Delaware ‘Pain-Capable Unborn Child Protection Act’ (SB 205)
This law was last updated on Jan 4, 2019
SB 205 would prohibit performing or inducing an abortion unless the physician first makes a determination of the probable post-fertilization age of the fetus, except in cases of a medical emergency.
The bill would ban abortions at 20 weeks post-fertilization unless, in the physician’s reasonable medical judgment, an abortion is necessary to prevent serious health risk to the pregnant person.
The bill states that no condition may be deemed a medical emergency arises if it is based on a claim or diagnosis that the patient will engage in conduct that may result in their death or in substantial and irreversible physical impairment of a major bodily function.
The bill also states that an abortion performed after 20 weeks must be performed in a manner that provides the best opportunity for the fetus to survive, unless in the physician’s reasonable medical judgment, termination of the pregnancy in that manner would pose a greater risk of death or substantial and irreversible physical impairment of a major bodily function than would another method. No such greater risk would exist if it is based on a claim or diagnosis that the patient will engage in conduct which will result in her death or in substantial and irreversible physical impairment of a bodily function.
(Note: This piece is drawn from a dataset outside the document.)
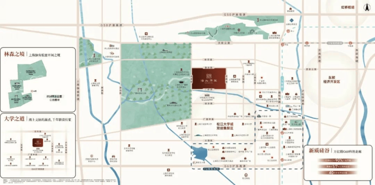 地块所在的广富林板块,本身的生态资源非常优秀,项目西侧一路之隔就是广富林文化遗址、广富林郊野公园、直线距离约1km+是辰山植物园,北面直线距离约3km是佘山国家森林公园、月湖雕塑公园等。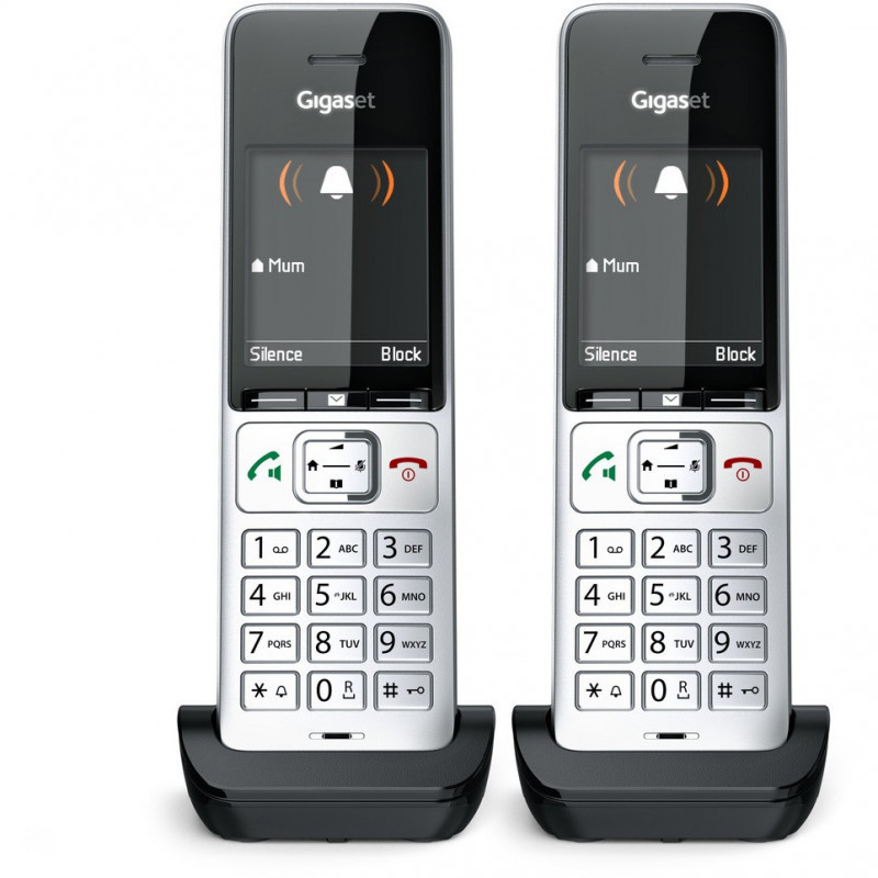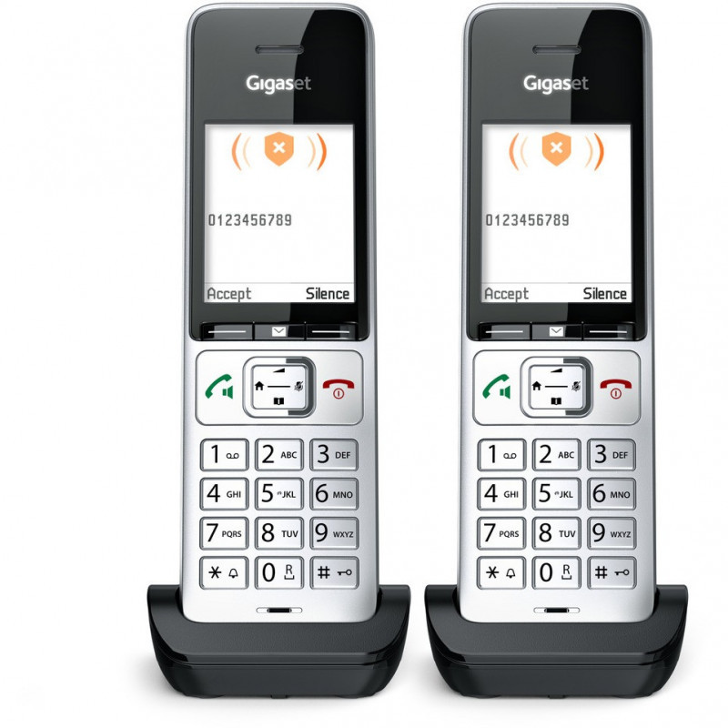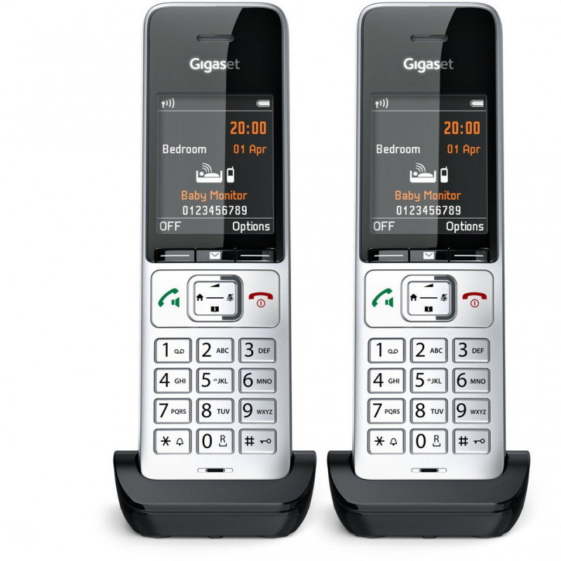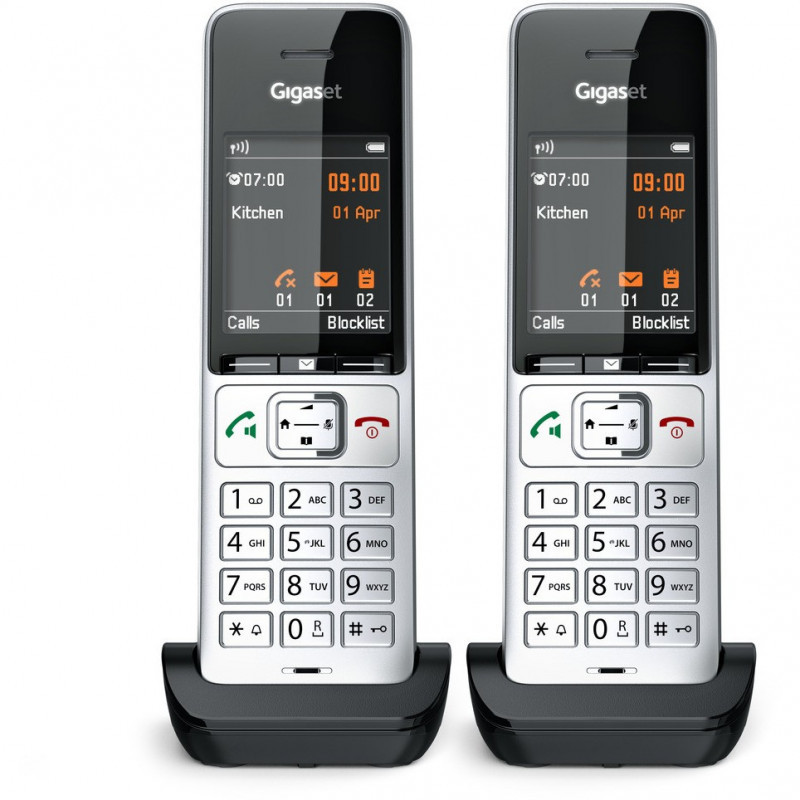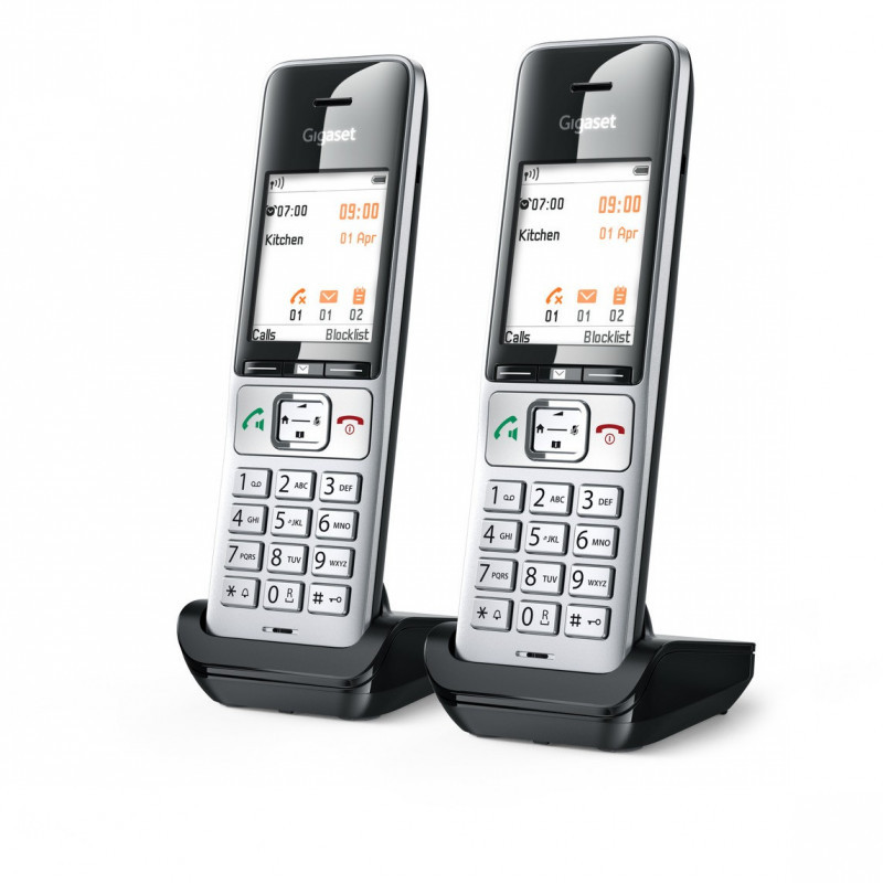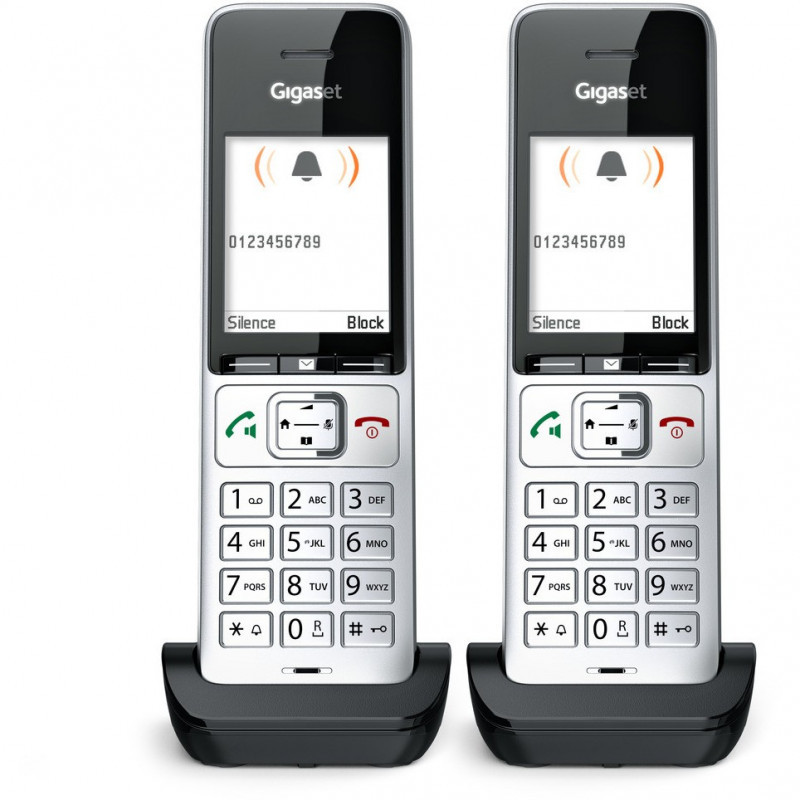 "Gigaset COMFORT 500HX duo. Type: Analog/DECT telephone, Handset type: Wired handset. Speakerphone, Phonebook capacity: 200 entries. Caller ID. Display diagonal: 5.59 cm (2.2""). Product colour: Black, Silver. Number of handsets included: 2"\n"When everything works at the same time: increased convenience when making calls

The bill includes legislative findings based on junk science that a fetus can feel pain at 20 weeks.
Any person who intentionally or recklessly performs or induces or attempts to perform or induce an abortion in violation of this Act would be guilty of a class D felony.
Any physician or other licensed medical practitioner who intentionally or recklessly performs or induces an abortion in violation of this provision would be subject to discipline from the applicable licensure board for that conduct, including, but not limited to, loss of professional license to practice.
Physician Reporting Requirements
Abortion providers would be required to report certain information for each procedure to the department, including:
- probable post-fertilization age:
- if the determination of probable post-fertilization age was made, whether an ultrasound was used, and the week of probable post-fertilization age determined;
- if a determination of probable post-fertilization age was not made, why not—what was the basis for a determination that a medical emergency existed;
- method of abortion;
- if the probable post-fertilization age was 20 weeks or more, the basis for a determination that a medical condition necessitated an immediate abortion to avert the patient’s death or serious injury;
- if the probable post-fertilization age was 20 weeks or more and an abortion was performed, whether the method performed provided the best opportunity for the fetus to survive, and if not, why not.
Based on model legislation drafted by the National Right to Life Committee.